------ Material provided
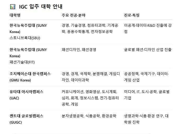 21일 관계자 등에 따르면 미국과 유럽을 대표하는 명문 대학들이 글로벌캠퍼스 형태로 집적된 IGC는 한국 고등교육 국제화의 상징적 사례로 안착된 상태다. 각 대학은 교육 인프라를 공유하면서도 본교와 동일한 학사 기준과 졸업 요건을 적용해 학위를 수여한다. 전교육 과정이 영어로 진행되고, 교육과정·평가·학위의 국제적 동등성이 유지되면서 국내에서도 해외 정규 학위 취득이 가능하다.
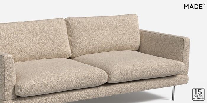 6.12.1 Lugani by Made 3 Seater Sofa Basket Weave Natural Stone Skinny - Chrome | Made Click here to use our website with more accessibility support, for example screen readers
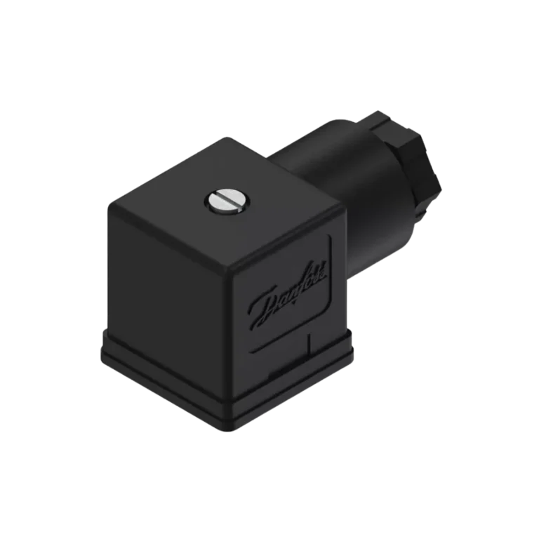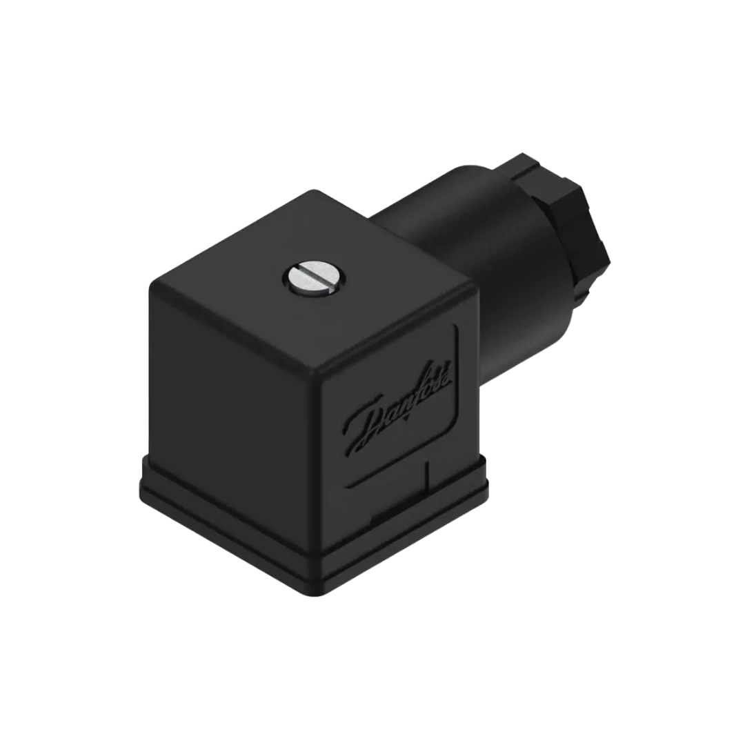 Conector elétrico angular para bobinas de válvulas solenóide Danfoss séries AB/AM. Facilita a conexão elétrica segura em ambientes industriais, com alívio de cabo e vedação.
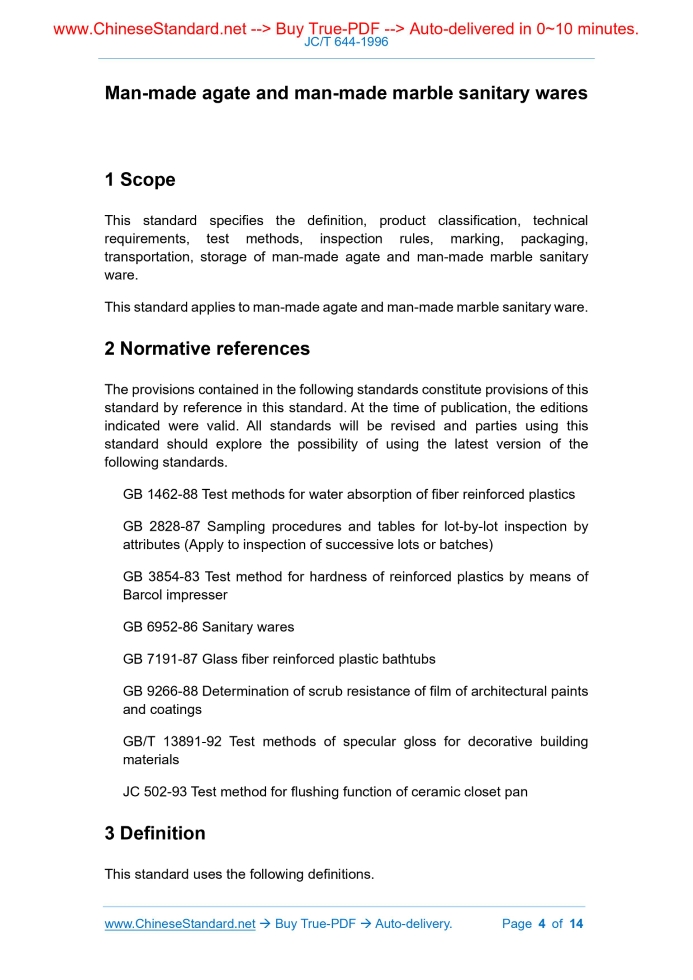 JC/T 644-1996: Man-made agate and man-made marble sanitary wares---This is an excerpt. Full copy of true-PDF in English version (including equations, symbols, images, flow-chart, tables, and figures etc.), auto-downloaded/delivered in 9 seconds, can be purchased online: https://www.ChineseStandard.net/PDF.aspx/JCT644-1996BUILDING MATERIAL STANDARD OF THE PEOPLE’S REPUBLIC OF CHINA Man-made agate and man-made marble sanitary wares 人造玛瑙及人造大理石卫生洁具 APPROVED ON: SEPTEMBER 19, 1996 IMPLEMENTED ON: JANUARY 01, 1997 Issued by: State Bureau of Building Material Industry Table of ContentsForeword ... 3 1 Scope ... 4 2 Normative references ... 4 3 Definition ... 4 4 Product classification ... 7 5 Technical requirements ... 8 6 Test methods ... 9 7 Inspection rules ... 12 8 Marking, packaging, transportation and storage ... 13 Man-made agate and man-made marble sanitary wares1 ScopeThis standard specifies the definition, product classification, technical requirements, test methods, inspection rules, marking, packaging, transportation, storage of man-made agate and man-made marble sanitary ware. This standard applies to man-made agate and man-made marble sanitary ware.2 Normative referencesThe provisions contained in the following standards constitute provisions of this standard by reference in this standard. At the time of publication, the editions indicated were valid. All standards will be revised and parties using this standard should explore the possibility of using the latest version of the following standards. GB 1462-88 Test methods for water absorption of fiber reinforced plastics GB 2828-87 Sampling procedures and tables for lot-by-lot inspection by attributes (Apply to inspection of successive lots or batches) GB 3854-83 Test method for hardness of reinforced plastics by means of Barcol impresser GB 6952-86 Sanitary wares GB 7191-87 Glass fiber reinforced plastic bathtubs GB 9266-88 Determination of scrub resistance of film of architectural paints and coatings GB/T 13891-92 Test methods of specular gloss for decorative building materials JC 502-93 Test method for flushing function of ceramic closet pan3 DefinitionThis standard uses the following definitions. The number of pitting within the range of Φ200 mm does not exceed 2. 3.7 Scratches The damage on the surface due to friction or the like. 3.7.1 Non-obvious scratches In the range of 1 m2 with the length × width not exceeding 50 mm x 0.1 mm, the number of scratches with a slight depth does not exceed 1. 3.8 Repair traces The traces left on the surface due to repair. 3.8.1 Non-obvious repair traces The surface repair is basically matched with the surroundings, with non- obvious difference in color. 3.9 Depression The local sinking of the surface of the product. 3.9.1 Non-obvious depression The number of depressions of not more than 1 mm2 within the range of 1 mm2 does not exceed 5. 3.10 Color difference The difference of color of the same product or the same set of products. 3.11 Impurities 6.4.2.1 Measuring tool Steel ruler with a length of 500 mm or 1000 mm; a feeler gauge with a precision of grade 2. 6.4.2.2 Measurement method Place the steel ruler vertically on a flat surface in different directions of the product. Insert the feeler gauge into the gap between the steel ruler and the surface of the product. Record the thickness of the feeler gauge. Each product is measured 3 times. 6.4.2.3 Calculation of results Where: F - Unevenness, %; L - Measured length, mm; D - Thickness measured by feeler gauge, mm. Take the average of 3 data and record the maximum value, accurate to 0.01%. 6.4.3 Determination of Barcol hardness According to GB 3854, the hardness tester's model is 934-1, which is carried out on the flat part of the cleaned face or the visible face of the product. 6.4.4 Test of load-bearing capacity It is carried according to 3.4 of GB 7191-87. 6.4.5 Test of impact resistance Take 3 points at the flat position at the bottom of the bathtub. The distance between each point is not less than 150 mm. Allow a steel ball which has a diameter of 30 mm (about 110 g) to freely fall from the height of 750 mm. If there is no crack at the point of impact, it is qualified. 6.4.6 Determination of water absorption It is carried out according to GB 1462. 6.4.7 Determination of gel-coating thickness 6.4.7.1 Instrument Reading microscope, which has a minimum division value of 0.02 mm. 6.4.7.2 Test methods From each specimen, cut a test strip of about 50 mm x 4 mm perpendicular to the gel-coating layer. Put the test strip on the specimen platform of the microscope with the cutting surface upwards. Read the thickness of the gel- coating. Make two measurements for each test strip. The thickness of the gel- coating is expressed by the average of five specimens, accurate to 0.01 mm. 6.4.8 Determination of cleanability It is carried out according to GB 9266. Remove the test plate after 10000 times of cleaning. Check the surface wear. 6.4.9 Test of hot water resistance 6.4.9.1 Instruments Super constant temperature bath or constant temperature water bath with an accuracy of ±2 °C. 6.4.9.2 Test methods Put the specimen in a thermostatic bath at a water temperature of 80 °C ± 2 °C. After 100 h, take it out, to check whether the surface is cracked or bubbled. 6.4.10 Pollution resistance test 6.4.10.1 Reagent Ethanol 3% hydrogen peroxide Acetone Tea 2% red mercury solution Vinegar 2% iodine solution Black liquid shoe polish Gentian violet Lipstick 6.4.10.2 Test method Use the absorbent cotton to dip the substances as listed in 6.4.10.1, respectively. Place it on the specimen. After 24h, wipe off the pollutant. Use detergent to wash it clean and wipe it dry. Check whether the surface of the specimen has color change. 6.4.11 Test of flushing function It is carried out according to JC 502. 7.3.2 Type inspection shall be sampled and judged according to Table 6. Table 6 -- Sampling inspection requirements of type inspection Sam
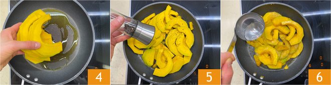 Heat a little oil in a pan, then add the pumpkin 4 and season with salt and pepper 5. Cook over medium heat for 2 minutes, then pour in a ladle of vegetable broth 6.
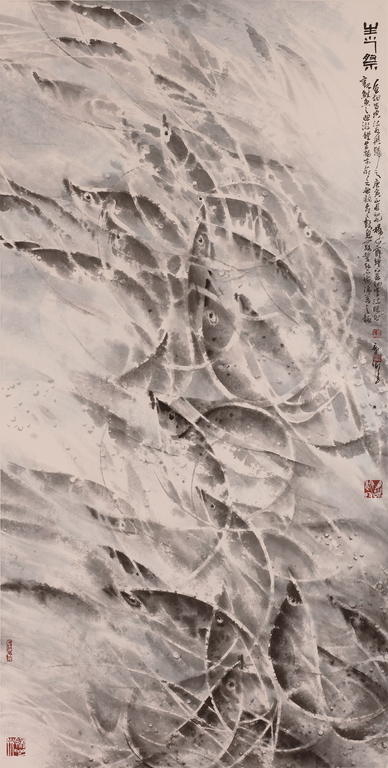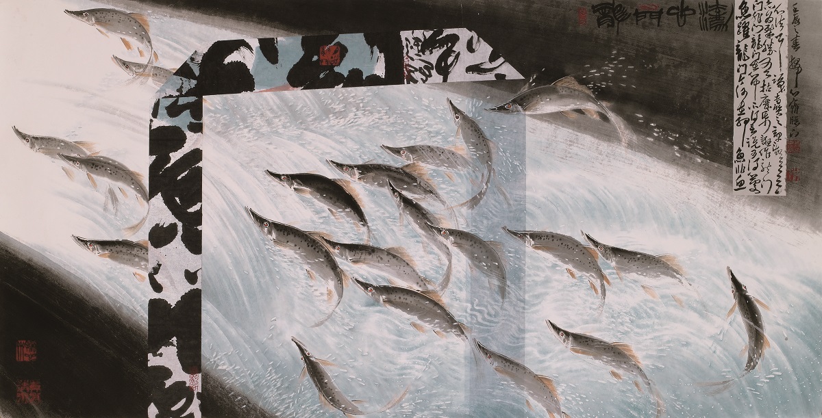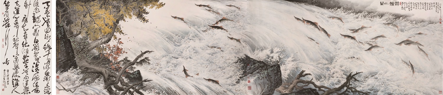 林章湖 魚躍龍門 2012 70x138cm 水墨設色 紙本 鏡框
------------
→ The task
The answer should match the material exactly, with every picture removed.

→ Written solution
 21일 관계자 등에 따르면 미국과 유럽을 대표하는 명문 대학들이 글로벌캠퍼스 형태로 집적된 IGC는 한국 고등교육 국제화의 상징적 사례로 안착된 상태다. 각 대학은 교육 인프라를 공유하면서도 본교와 동일한 학사 기준과 졸업 요건을 적용해 학위를 수여한다. 전교육 과정이 영어로 진행되고, 교육과정·평가·학위의 국제적 동등성이 유지되면서 국내에서도 해외 정규 학위 취득이 가능하다.
 6.12.1 Lugani by Made 3 Seater Sofa Basket Weave Natural Stone Skinny - Chrome | Made Click here to use our website with more accessibility support, for example screen readers
 Conector elétrico angular para bobinas de válvulas solenóide Danfoss séries AB/AM. Facilita a conexão elétrica segura em ambientes industriais, com alívio de cabo e vedação.
 JC/T 644-1996: Man-made agate and man-made marble sanitary wares---This is an excerpt. Full copy of true-PDF in English version (including equations, symbols, images, flow-chart, tables, and figures etc.), auto-downloaded/delivered in 9 seconds, can be purchased online: https://www.ChineseStandard.net/PDF.aspx/JCT644-1996BUILDING MATERIAL STANDARD OF THE PEOPLE’S REPUBLIC OF CHINA Man-made agate and man-made marble sanitary wares 人造玛瑙及人造大理石卫生洁具 APPROVED ON: SEPTEMBER 19, 1996 IMPLEMENTED ON: JANUARY 01, 1997 Issued by: State Bureau of Building Material Industry Table of ContentsForeword ... 3 1 Scope ... 4 2 Normative references ... 4 3 Definition ... 4 4 Product classification ... 7 5 Technical requirements ... 8 6 Test methods ... 9 7 Inspection rules ... 12 8 Marking, packaging, transportation and storage ... 13 Man-made agate and man-made marble sanitary wares1 ScopeThis standard specifies the definition, product classification, technical requirements, test methods, inspection rules, marking, packaging, transportation, storage of man-made agate and man-made marble sanitary ware. This standard applies to man-made agate and man-made marble sanitary ware.2 Normative referencesThe provisions contained in the following standards constitute provisions of this standard by reference in this standard. At the time of publication, the editions indicated were valid. All standards will be revised and parties using this standard should explore the possibility of using the latest version of the following standards. GB 1462-88 Test methods for water absorption of fiber reinforced plastics GB 2828-87 Sampling procedures and tables for lot-by-lot inspection by attributes (Apply to inspection of successive lots or batches) GB 3854-83 Test method for hardness of reinforced plastics by means of Barcol impresser GB 6952-86 Sanitary wares GB 7191-87 Glass fiber reinforced plastic bathtubs GB 9266-88 Determination of scrub resistance of film of architectural paints and coatings GB/T 13891-92 Test methods of specular gloss for decorative building materials JC 502-93 Test method for flushing function of ceramic closet pan3 DefinitionThis standard uses the following definitions. The number of pitting within the range of Φ200 mm does not exceed 2. 3.7 Scratches The damage on the surface due to friction or the like. 3.7.1 Non-obvious scratches In the range of 1 m2 with the length × width not exceeding 50 mm x 0.1 mm, the number of scratches with a slight depth does not exceed 1. 3.8 Repair traces The traces left on the surface due to repair. 3.8.1 Non-obvious repair traces The surface repair is basically matched with the surroundings, with non- obvious difference in color. 3.9 Depression The local sinking of the surface of the product. 3.9.1 Non-obvious depression The number of depressions of not more than 1 mm2 within the range of 1 mm2 does not exceed 5. 3.10 Color difference The difference of color of the same product or the same set of products. 3.11 Impurities 6.4.2.1 Measuring tool Steel ruler with a length of 500 mm or 1000 mm; a feeler gauge with a precision of grade 2. 6.4.2.2 Measurement method Place the steel ruler vertically on a flat surface in different directions of the product. Insert the feeler gauge into the gap between the steel ruler and the surface of the product. Record the thickness of the feeler gauge. Each product is measured 3 times. 6.4.2.3 Calculation of results Where: F - Unevenness, %; L - Measured length, mm; D - Thickness measured by feeler gauge, mm. Take the average of 3 data and record the maximum value, accurate to 0.01%. 6.4.3 Determination of Barcol hardness According to GB 3854, the hardness tester's model is 934-1, which is carried out on the flat part of the cleaned face or the visible face of the product. 6.4.4 Test of load-bearing capacity It is carried according to 3.4 of GB 7191-87. 6.4.5 Test of impact resistance Take 3 points at the flat position at the bottom of the bathtub. The distance between each point is not less than 150 mm. Allow a steel ball which has a diameter of 30 mm (about 110 g) to freely fall from the height of 750 mm. If there is no crack at the point of impact, it is qualified. 6.4.6 Determination of water absorption It is carried out according to GB 1462. 6.4.7 Determination of gel-coating thickness 6.4.7.1 Instrument Reading microscope, which has a minimum division value of 0.02 mm. 6.4.7.2 Test methods From each specimen, cut a test strip of about 50 mm x 4 mm perpendicular to the gel-coating layer. Put the test strip on the specimen platform of the microscope with the cutting surface upwards. Read the thickness of the gel- coating. Make two measurements for each test strip. The thickness of the gel- coating is expressed by the average of five specimens, accurate to 0.01 mm. 6.4.8 Determination of cleanability It is carried out according to GB 9266. Remove the test plate after 10000 times of cleaning. Check the surface wear. 6.4.9 Test of hot water resistance 6.4.9.1 Instruments Super constant temperature bath or constant temperature water bath with an accuracy of ±2 °C. 6.4.9.2 Test methods Put the specimen in a thermostatic bath at a water temperature of 80 °C ± 2 °C. After 100 h, take it out, to check whether the surface is cracked or bubbled. 6.4.10 Pollution resistance test 6.4.10.1 Reagent Ethanol 3% hydrogen peroxide Acetone Tea 2% red mercury solution Vinegar 2% iodine solution Black liquid shoe polish Gentian violet Lipstick 6.4.10.2 Test method Use the absorbent cotton to dip the substances as listed in 6.4.10.1, respectively. Place it on the specimen. After 24h, wipe off the pollutant. Use detergent to wash it clean and wipe it dry. Check whether the surface of the specimen has color change. 6.4.11 Test of flushing function It is carried out according to JC 502. 7.3.2 Type inspection shall be sampled and judged according to Table 6. Table 6 -- Sampling inspection requirements of type inspection Sam
 Heat a little oil in a pan, then add the pumpkin 4 and season with salt and pepper 5. Cook over medium heat for 2 minutes, then pour in a ladle of vegetable broth 6.
 林章湖 魚躍龍門 2012 70x138cm 水墨設色 紙本 鏡框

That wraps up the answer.